It is encouraging and inspiring to see that organizations and professional bodies are willing to roll up their sleeves and help for a good cause.  The good cause in this case is financial literacy, and the organizing body was the New York Public Library during their semi-annual Financial Planning Day on October 23rd.

McGraw Hill Financial (MHFI), the parent company of S&P Dow Jones Indices, supports the New York Public Library’s Science, Industry, and Business Library (SIBL) in their Financial Literacy campaign.  MHFI’s Corporate Responsibility and Sustainability team Co-Sponsored this event with the Financial Planning Association (FPA) of New York.  More than a dozen other organizations participated with volunteers and information for attendees.  Counselors from FPA NY, Community Service Society of NY, and the Health Insurance Information and Counseling and Assistance Program were on hand to provide advice.  MHFI was asked by the organizers to provide an information session to attendees on how indexing works.
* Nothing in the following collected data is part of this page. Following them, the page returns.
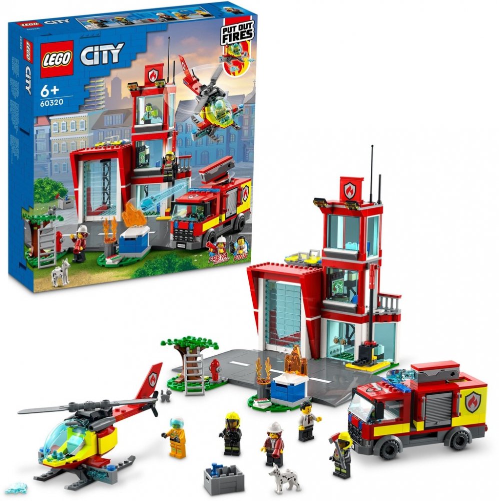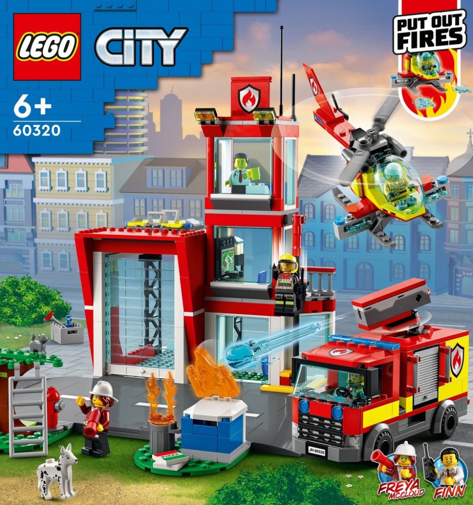 Co se ukrývá v krabici? Vše, co děti potřebují pro sestavení 3patrové požární stanice, auta a vrtulníku, dále 5 minifigurek, figurka psa a kočky a LEGO® Křižovatka umožňující propojení s ostatními stavebnicemi LEGO City.
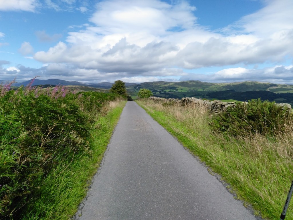 I took a photo and we continued on our way. Up a lengthy cement track which seems never ending. One continuous slog. I’m sweating at the top. Passed a white house and we arrived at the top. We took a breather and can see the hills of the Lake District behind us. Next we passed the black moss tarn and we met a second diversion. It lead us down into a hamlet and we took the first right. Big mistake. We ended up passing some houses and entered a field of sheep. We fence hopped and go up to the main road again. We figured out where we went wrong and head back to the start of the diversion. I took a photo of the diversion and off we go again taking the second right.
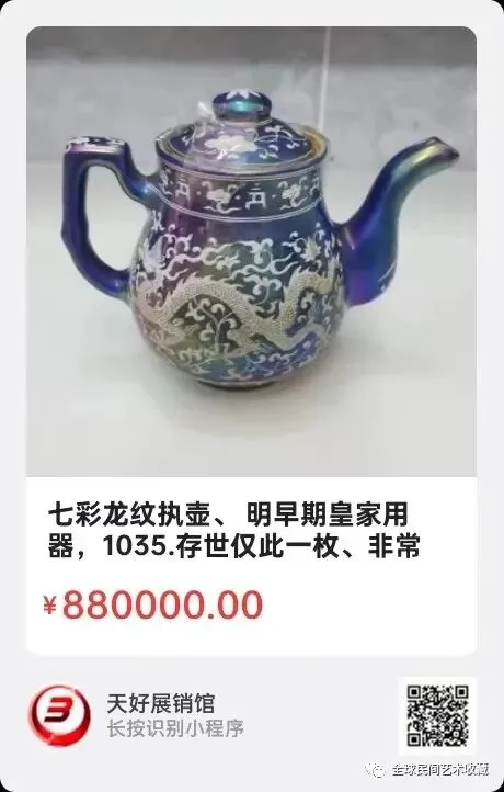 七彩龙纹执壶、 高13公分、明早期皇家用器,存世仅此一枚、非常珍贵。来源:1035.

To do that, I invited Dr. David Blitzer, Chairman of our S&P DJI Index Committees, and Todd Rosenbluth, Head of ETF and Mutual Fund Evaluation at S&P Capital IQ, to collaborate and present on this topic together.  Our approach was to combine index education from S&P DJI with fund education from S&P Capital IQ to help the audience better understand some of the investment choices they might find in everyday life such as investing with funds in an Individual Retirement Account (IRA) or through a 401K plan.  Here are some of the key points that David and Todd communicated:

Dr David Blitzer, S&P DJI:

  • Historically, over any period of a year or more, about 2 out of 5 mutual funds outperform and three of five underperform their benchmark
  • Good performance does not persist for many active mutual funds – our data has shown a 40% chance of beating an S&P benchmark in 1 year, 16% for two years in a row, 6% in three consecutive years
  • Why? Index products typically have lower fees than active products – better to keep as much of your money as you can, not give it away to manager fees.

Todd Rosenbluth, S&P Capital IQ / SNL:

  • Finding actively managed funds that outperformed the S&P 500 index over the short and long term is hard. This is why investors pulled $150 billion out of active mutual funds and ETFs in the 12 months ended September 2015 and added $461 billion to passive products according to Morningstar data.
  • Those that want active management should seek out funds with a below-average expense ratio and an experienced management team, and that have generated strong returns with below average volatility.
  • If investors do their homework they may reduce the likelihood of holding a below-average fund, but it may still end up in their portfolio.